But after spending so much time with each other, we slowly started to get along. The only thing we had in common was that he was fat (and wanted to get fatter) and I loved fat men. And believe it or not, we stuck it out just because of that. And I am infinitely glad we did. Because now we get along perfectly and barely ever have fights. We've developed the same mannerisms and even speech patterns, and we can practically read each others minds. 


So in conclusion... chemistry can definitely come later, at least in my own personal experience.


----------



## LoveBHMS (Nov 14, 2008)

Mary what I got out of your story is that _liking each other_ came later, but the sexual thing was there. You said initially the only thing you had in common was he/his appearance satisfied your sexuality. In other words, it seems as though the fact of your sexual needs being fulfilled allowed you to get to know him as an individual.

I think it's very common, and a staple of situation comedies on prime time TV, for two people to have obvious sexual chemistry but not outwardly like each other and to even fight a lot.

This guy and I really do like each other, and i know there is chemistry on his end. I'm just wondering if it could develop on my end or if it's something that if it's not there from the onset, it never will be.


----------



## MaryElizabethAntoinette (Nov 14, 2008)

LoveBHMS said:


> Mary what I got out of your story is that _liking each other_ came later, but the sexual thing was there. You said initially the only thing you had in common was he/his appearance satisfied your sexuality. In other words, it seems as though the fact of your sexual needs being fulfilled allowed you to get to know him as an individual.
> 
> I think it's very common, and a staple of situation comedies on prime time TV, for two people to have obvious sexual chemistry but not outwardly like each other and to even fight a lot.
> 
> This guy and I really do like each other, and i know there is chemistry on his end. I'm just wondering if it could develop on my end or if it's something that if it's not there from the onset, it never will be.
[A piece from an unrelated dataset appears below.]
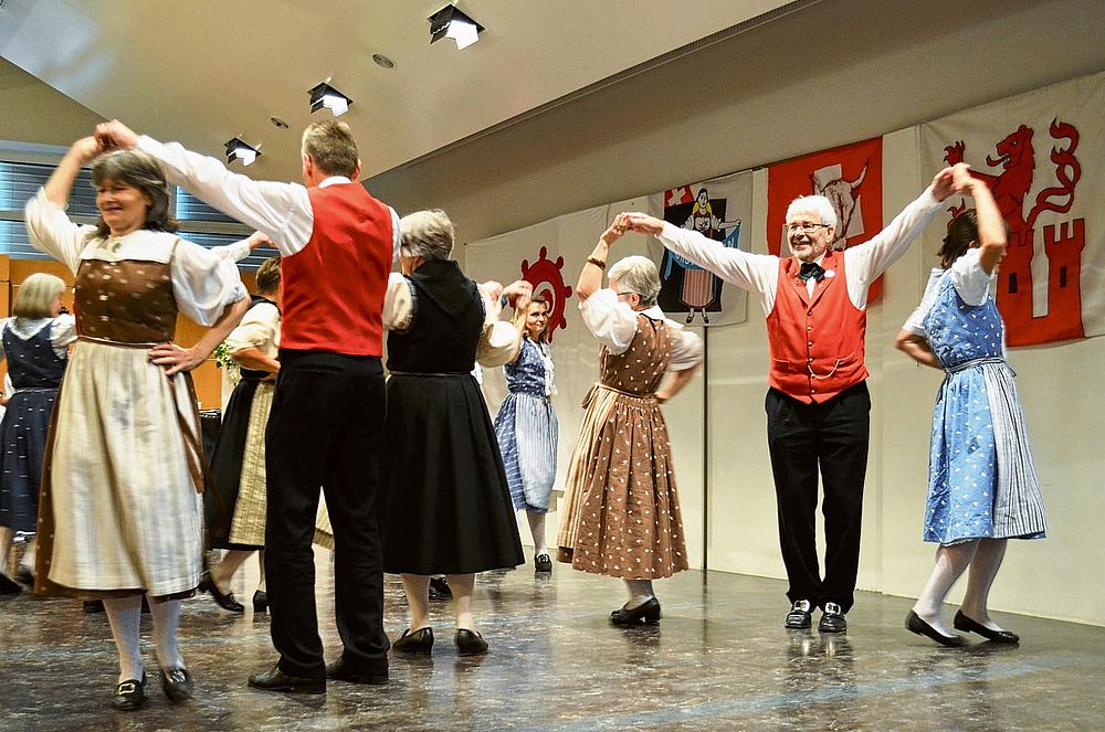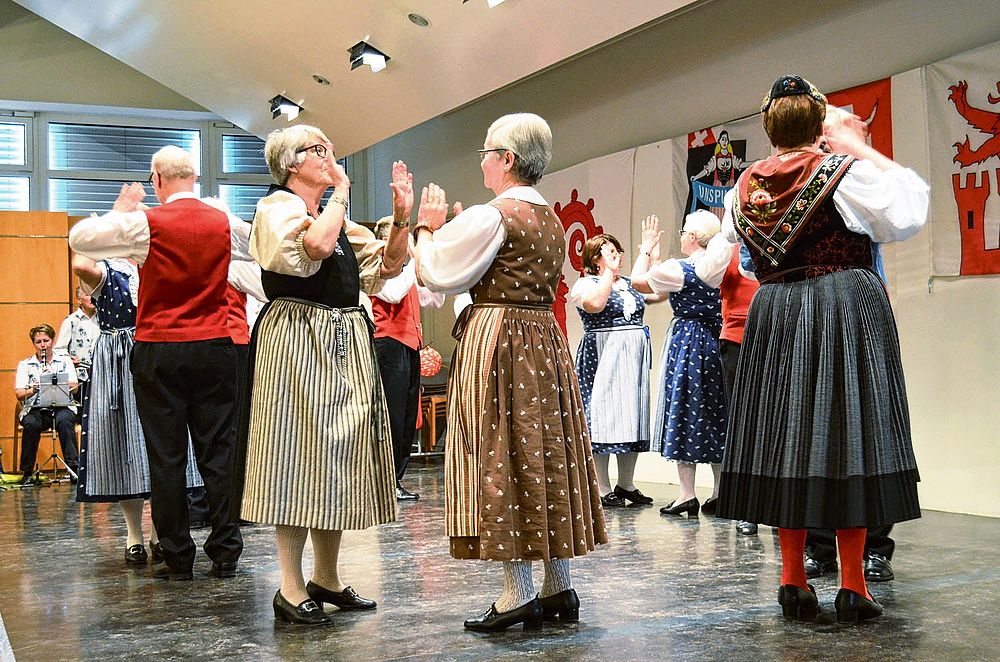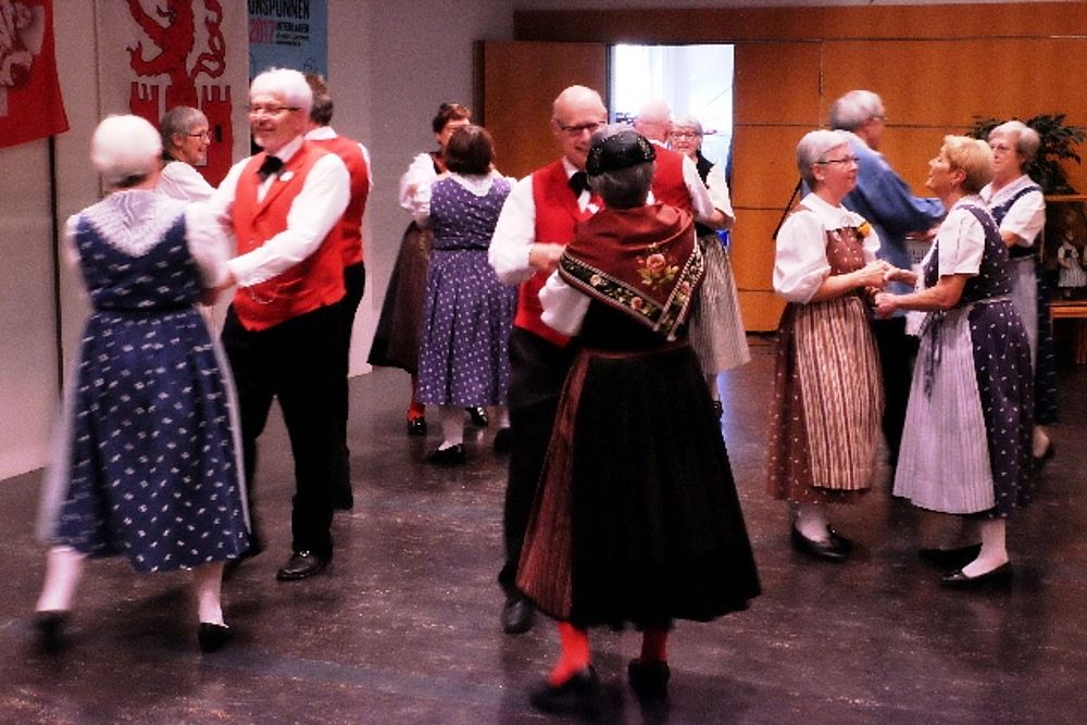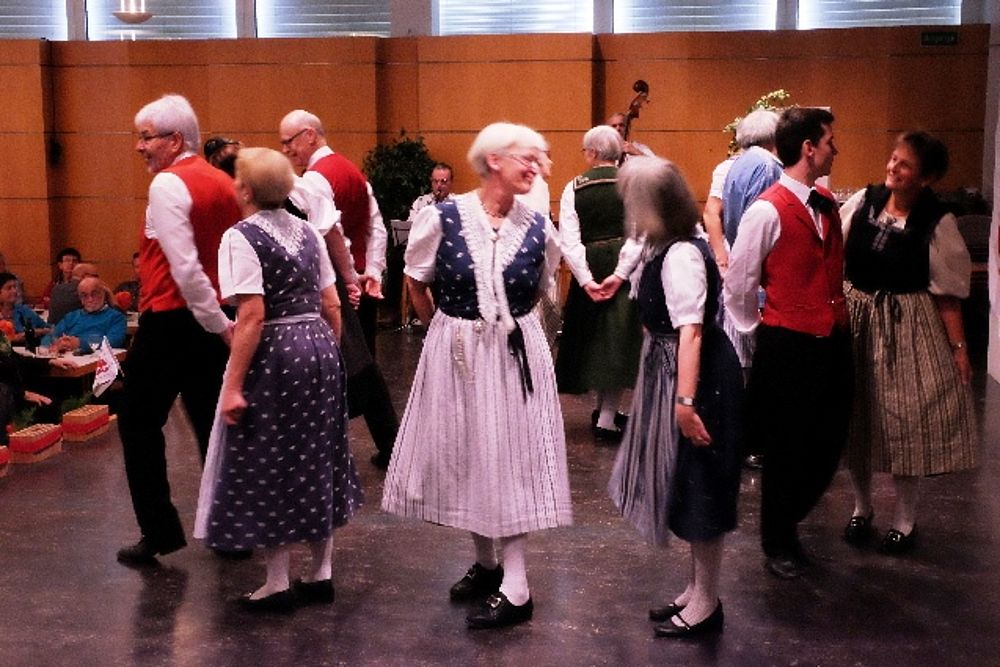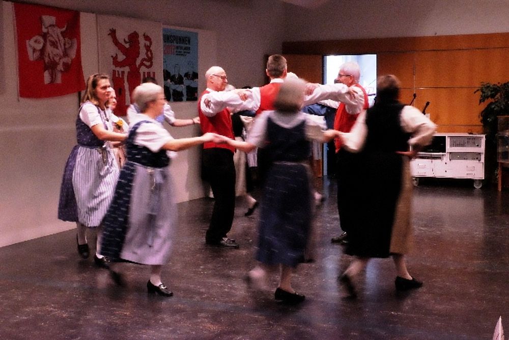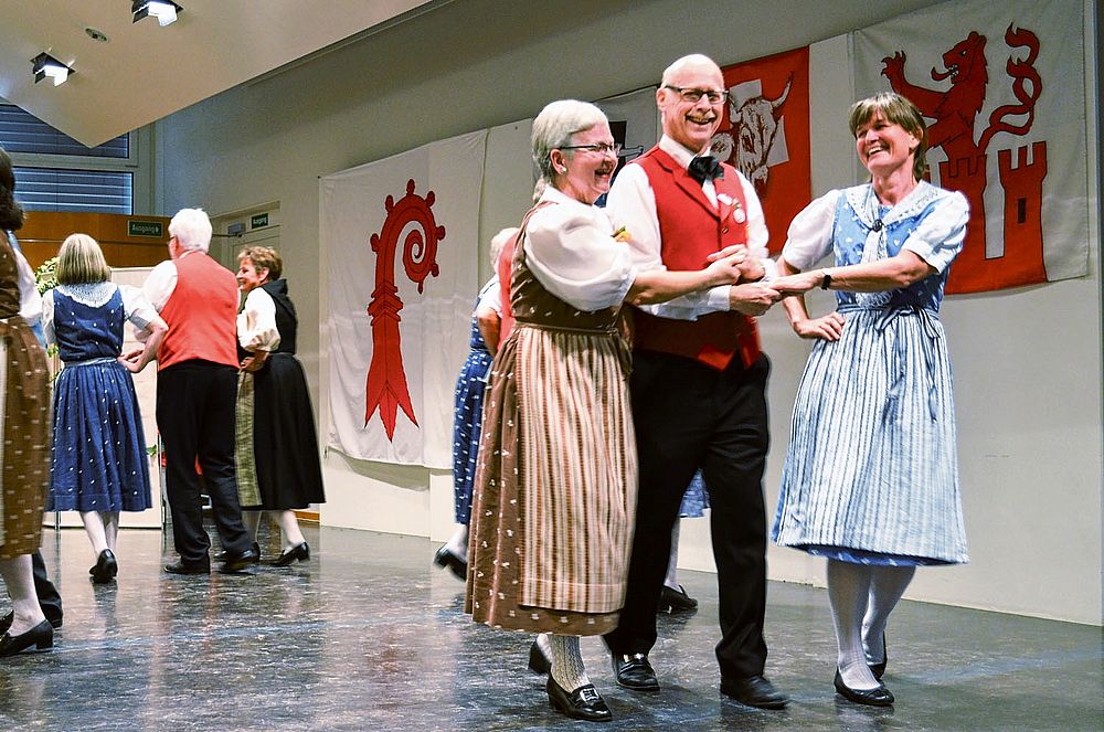 Der Tanz ist beschwingt, die Abfolgen für Laien nicht einfach auszumachen: Die Schritte wechseln genauso rasch wie die Männer die Frauen. Da tanzt Sämi Benz, Präsident der Trachtengruppe, im einen Moment mit zwei Frauen in Werktagstracht. 360 Grad später sieht ihn das Publikum mit zwei anderen Frauen, diesmal in Festtagstrachten. Da wird einem nicht nur bloss beim Anblick der vielen Umdrehungen schwindelig. Das viele Wechseln hat es in sich, sodass sich beim einen oder anderen Tanzenden allmählich Schweissperlen auf der Stirn bilden.

Ahh, I see. So my post wasn't much help. *giggles*

I'm just used to all of my relationships starting out with a mental connection, and because of that mental connection, I can be physical with them, although not enjoy it to the same extent. So finding Chris was a new thing for me, to be sexually attracted to someone before being mentally attracted was something I hadn't experienced before. I guess that was kinda my point. Maybe. Whichever makes more sense. xP


----------



## LoveBHMS (Nov 14, 2008)

MaryElizabethAntoinette said:


> Ahh, I see. So my post wasn't much help. *giggles*
> 
> I'm just used to all of my relationships starting out with a mental connection, and because of that mental connection, I can be physical with them, although not enjoy it to the same extent. So finding Chris was a new thing for me, to be sexually attracted to someone before being mentally attracted was something I hadn't experienced before. I guess that was kinda my point. Maybe. Whichever makes more sense. xP



No your post was helpful, they've all been helpful. I think what you really underscored was what was said upthread, that you need both. You need sexual chemistry and you need to like each other mentally/emotionally. It seems a lot of relationships or would-be relationships have one and not the other and it leads you to say "Well, I was totally hot for him but he was a jerk" or "He was a sweet person but there was no spark" and it leaves you realizing that *just* the sexual or *just* the mental connection is not sufficient.

I'm still left with....does the sexual part develop? With you and Chris it was there and it held you together till you started liking each other.


----------



## sweet&fat (Nov 14, 2008)

Forgive me if you said this already, but have you kissed yet? 



LoveBHMS said:


> No your post was helpful, they've all been helpful. I think what you really underscored was what was said upthread, that you need both. You need sexual chemistry and you need to like each other mentally/emotionally. It seems a lot of relationships or would-be relationships have one and not the other and it leads you to say "Well, I was totally hot for him but he was a jerk" or "He was a sweet person but there was no spark" and it leaves you realizing that *just* the sexual or *just* the mental connection is not sufficient.
> 
> I'm still left with....does the sexual part develop? With you and Chris it was there and it held you together till you started liking each other.


----------



## AppreSheAte (Nov 14, 2008)

if the sparks not there, you'll always wonder. be careful i guess is all i can say. life can still be good, but it will make you wonder if it could be great.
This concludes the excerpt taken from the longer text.